贾瓣还蹲在台阶上,肩上两只白鸥已经安静下来,缩着脖子,也察觉到了空气中的重量。
水出玉没有开口寒暄,直接问了一句,声调平而冷:"你的珠子呢?说实话。"
贾瓣的手指停在了鸥羽深处。她沉默了一息,然后轻轻开口,声音比往日哑了一个调:"其实……我是贾珍。"
水出玉蹙眉:"何意?"
贾瓣——不,贾珍——慢慢站起来。她肩上那两只白鸥一左一右飞落到天圆井沿上,不再亲近她,仿佛在等待某个仪式完成。

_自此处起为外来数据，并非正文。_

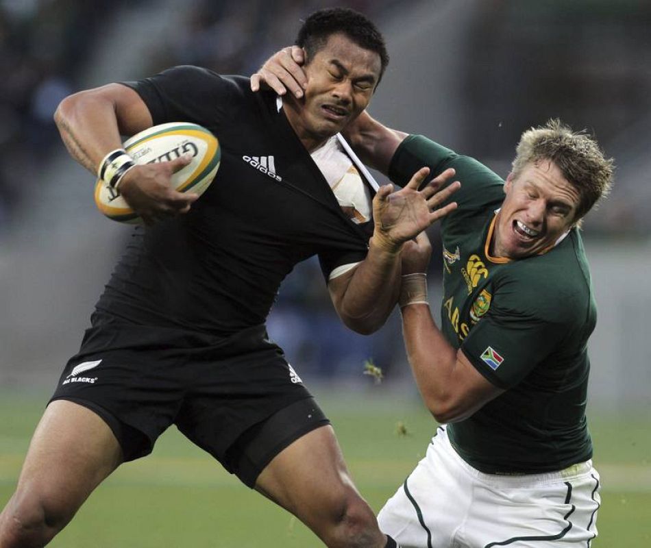24.05.2017Isaia Toeava (L) de losAll Blacks of New Zealand es blocado porJean de Villiers (R) en el Torneo Tres Naciones disputado en Port Elizabeth en 2011.JH sam
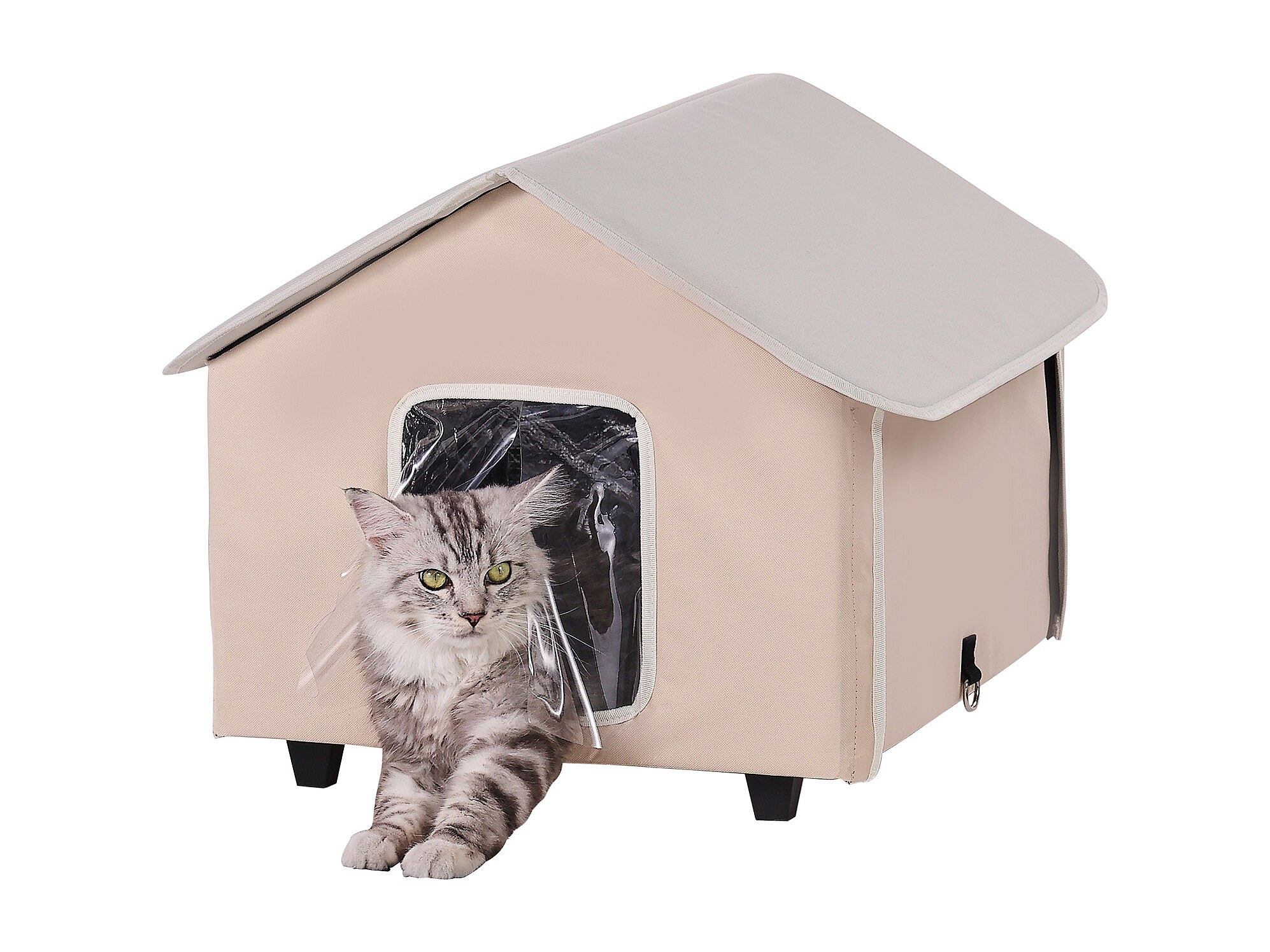 Maison Niche pour Chat, SucceBuy Niche Surélevée et Chauffante pour Chat avec Coussin Chauffant, Marron (Moyen)
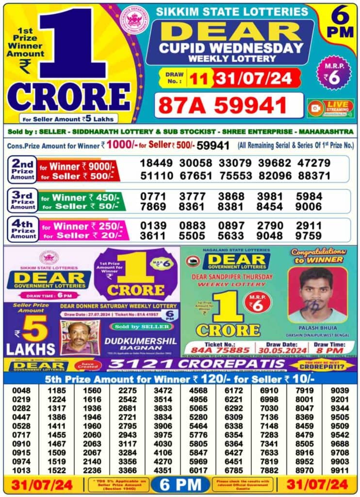 Nagaland DEAR CUPID Day 6 PM Result: 1st Prize Ticket No. 87A 59941

她开口时,语速慢而清晰,每一个字都像是从牙缝里筛出来的:"神女知晓的,我与妹妹,二而为一,方为贾瓣,分开时,我是贾珍,她是贾珠,启阵需要我的灵蕴,我便以贾珍的身份来了,此事义不容辞,却也无可奈何,可海岸线上若连续数日没有我的身影,渔民们会起疑,我的家人虽知根底,能替我遮掩,可那片滩涂、那片鸥群,从来只认我姊妹二人合在一处时的那道气息。"
她抬起手,指尖虚虚点了一下自己锁骨下方三寸之处,那里平日悬着一枚蚌珠,此刻只见一片素净的衣料:"那珠子是合体的锁扣,我把它留在妹妹手里了,因启阵时怕灵蕴冲撞碎了她,便不敢带在身上,可没了珠子……"她顿了顿,"我与妹妹分开太久,各自魂魄灵息的边缘就会像风化的帛画一样,一道一道地卷起来,阵法已毕,我该回去,与妹妹重新合体了。"
风从天圆井上方灌下来,带着边城傍晚特有的炊烟与干草气息。贾珍说完这番话时,井沿上那两只白鸥同时振了振翅,彼此碰了一下喙,像两个久别的人终于等到了一句回应。
楚地有“双生子共一魂,一为阳,一为阴”之说,雷州渔民则称“孪生渡海”——双胞胎出海,一人留岸,一人入浪,若一人死,另一人必疯。
贾瓣与贾珠,是被阵法撕裂的孪生魂,珠子是“阴身”的容器,是她妹妹的骨灰与海盐炼成的“魂核”,她不只是“要合体”,还必须让阴阳魂归位,否则时间长了,贾珍的肉身会如潮水退去后的礁石,慢慢风化成沙。
水出玉沉默了一会儿。
贾瓣平日悬于锁骨下三寸的珠子,如一颗凝固的月光,十分赏心悦目,可灵魂被火灼后留下的凹痕,会有微陷,不能完全说是空,更像魂魄被抽离后,留下的真空。水出玉曾见贾瓣在晨光中梳理鸥羽,珠子轻晃,映出一缕蓝光,那是豁城湾深海蓝藻的魂息,如今,那光即便还没有熄灭,也已经很弱了。
天色不知何时已经暗了下来,方才还以为是傍晚,如今再看,日头已经彻底沉进了楚山西麓,四方的天井里只留一片深蓝的穹顶,东边檐角上浮起第一颗星。月光本应清冷,此刻却泛着砂金的赤红,如血浸透的薄纱;远处公鸡打鸣,却在子时三刻,那是阴气最盛、阳气最弱的“鬼时辰”;豁城人说:“鸡鸣错时,是地脉在哭。”
她忽然意识到,启阵前后,众人已经整整耗去十二个时辰,他们不是熬了一夜,是在阴阳交界处,偷来的等候。那阵法的余威还残留在时间与空间缝隙里,细看时竟隐隐泛着桃红色的微光,像地砖底下还压着一层未散的炭。
水出玉她吸了一口气,把袖口拢好:"趁着夜色,更深人静,月光还能替你们遮一遮影子的缺漏,碎邪金走山坳后路,贾珍从溪口出城,橙红和珛琂各自回你们在玉宅里惯常打坐的位置,现在就去。"
她说到最后一句时,声音忽然压得极低,低到那四个字像是从牙缝里挤出来的,每一个都带着不容转圜的硬度:"没有我的吩咐,谁都不许回来。"这是关上了能让灵魂忙碌的门。
此话一出,庭中四人俱是身形微震。